● Information given
+---+

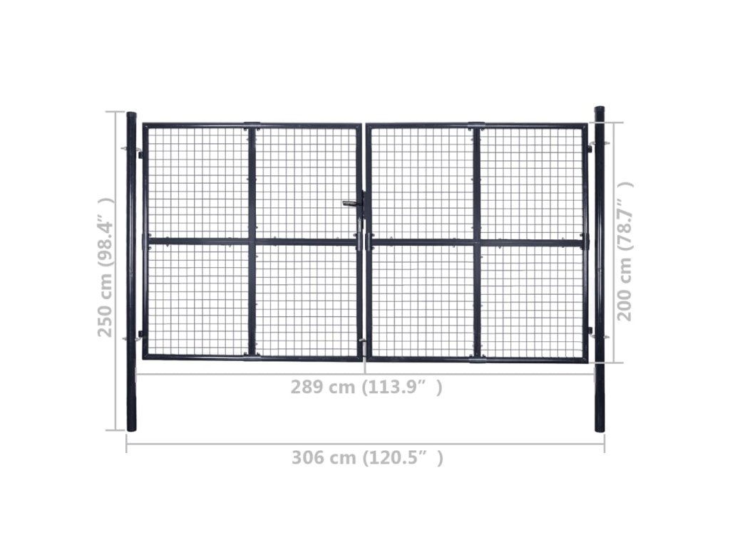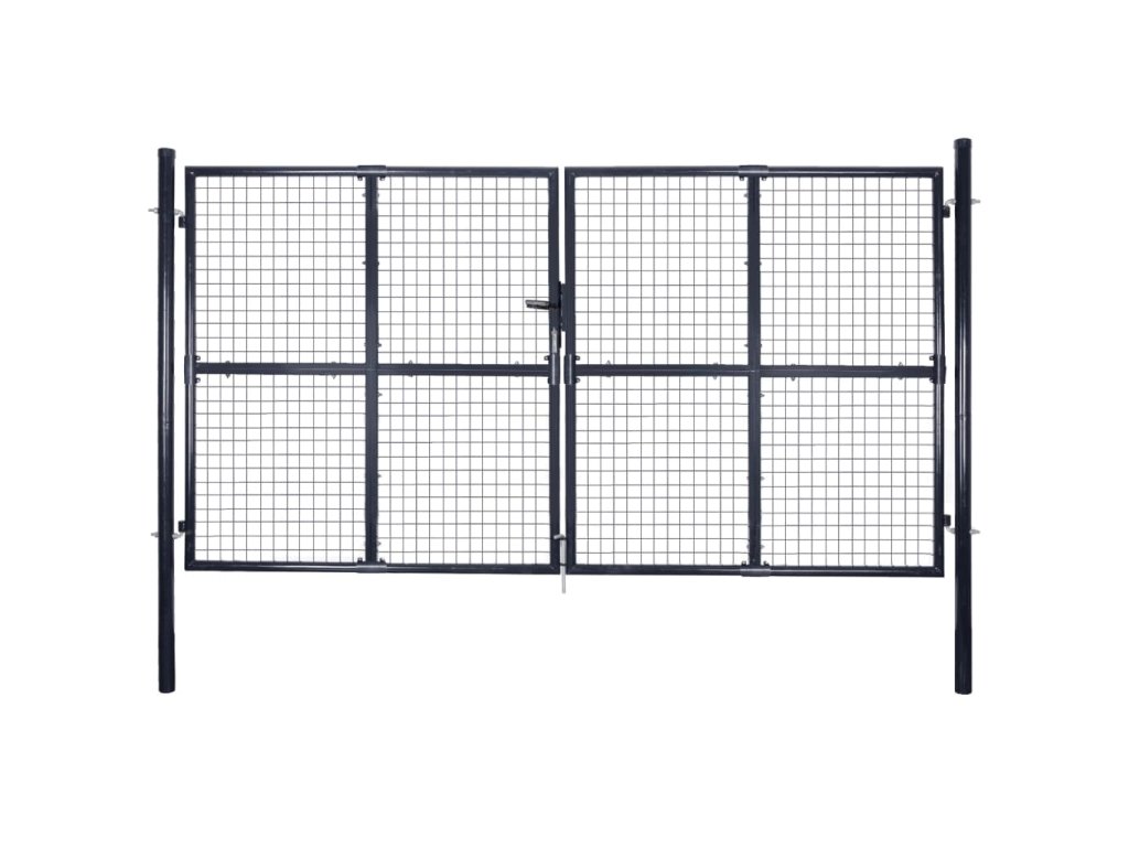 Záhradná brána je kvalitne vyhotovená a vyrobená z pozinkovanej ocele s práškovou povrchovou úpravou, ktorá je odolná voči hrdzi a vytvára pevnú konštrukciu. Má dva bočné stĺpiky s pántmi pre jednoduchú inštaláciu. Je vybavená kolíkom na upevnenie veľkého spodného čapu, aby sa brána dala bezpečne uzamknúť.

+---+

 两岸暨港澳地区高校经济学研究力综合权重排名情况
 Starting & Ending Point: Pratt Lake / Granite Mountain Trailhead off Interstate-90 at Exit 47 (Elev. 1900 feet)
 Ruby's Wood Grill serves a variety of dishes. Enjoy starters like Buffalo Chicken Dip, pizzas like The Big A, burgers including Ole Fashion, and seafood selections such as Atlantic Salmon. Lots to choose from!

+---+

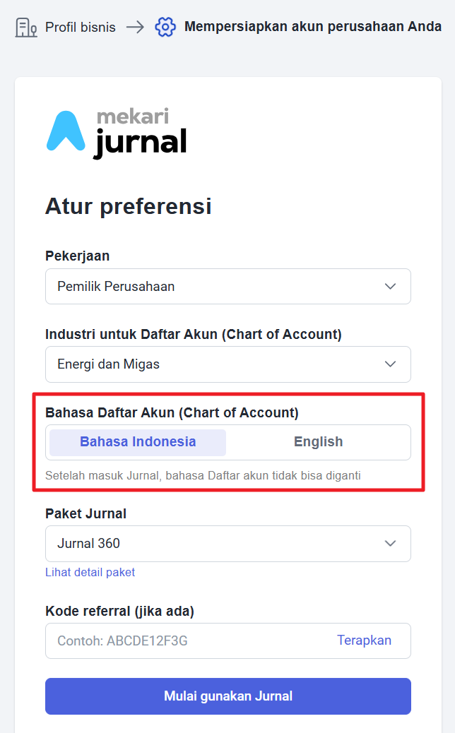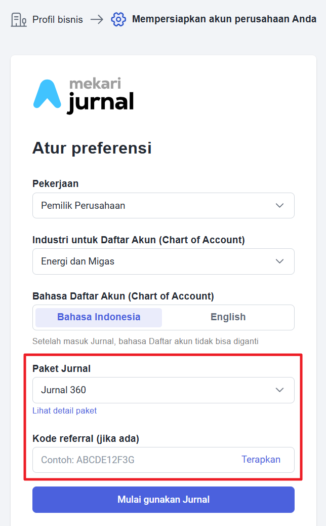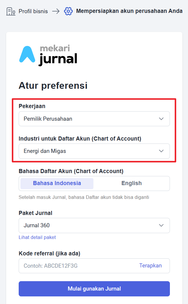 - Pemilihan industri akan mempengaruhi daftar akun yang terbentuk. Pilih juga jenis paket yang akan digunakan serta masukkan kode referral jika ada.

+---+

● Assignment
Transcribe the records above exactly, beginning at the line that contains "两岸暨港澳地区高校经济学研究力综合权重排名情况" and ending with the line that contains "Ruby's Wood Grill", both included, and nothing else.

● Output for this exercise
 两岸暨港澳地区高校经济学研究力综合权重排名情况
 Starting & Ending Point: Pratt Lake / Granite Mountain Trailhead off Interstate-90 at Exit 47 (Elev. 1900 feet)
 Ruby's Wood Grill serves a variety of dishes. Enjoy starters like Buffalo Chicken Dip, pizzas like The Big A, burgers including Ole Fashion, and seafood selections such as Atlantic Salmon. Lots to choose from!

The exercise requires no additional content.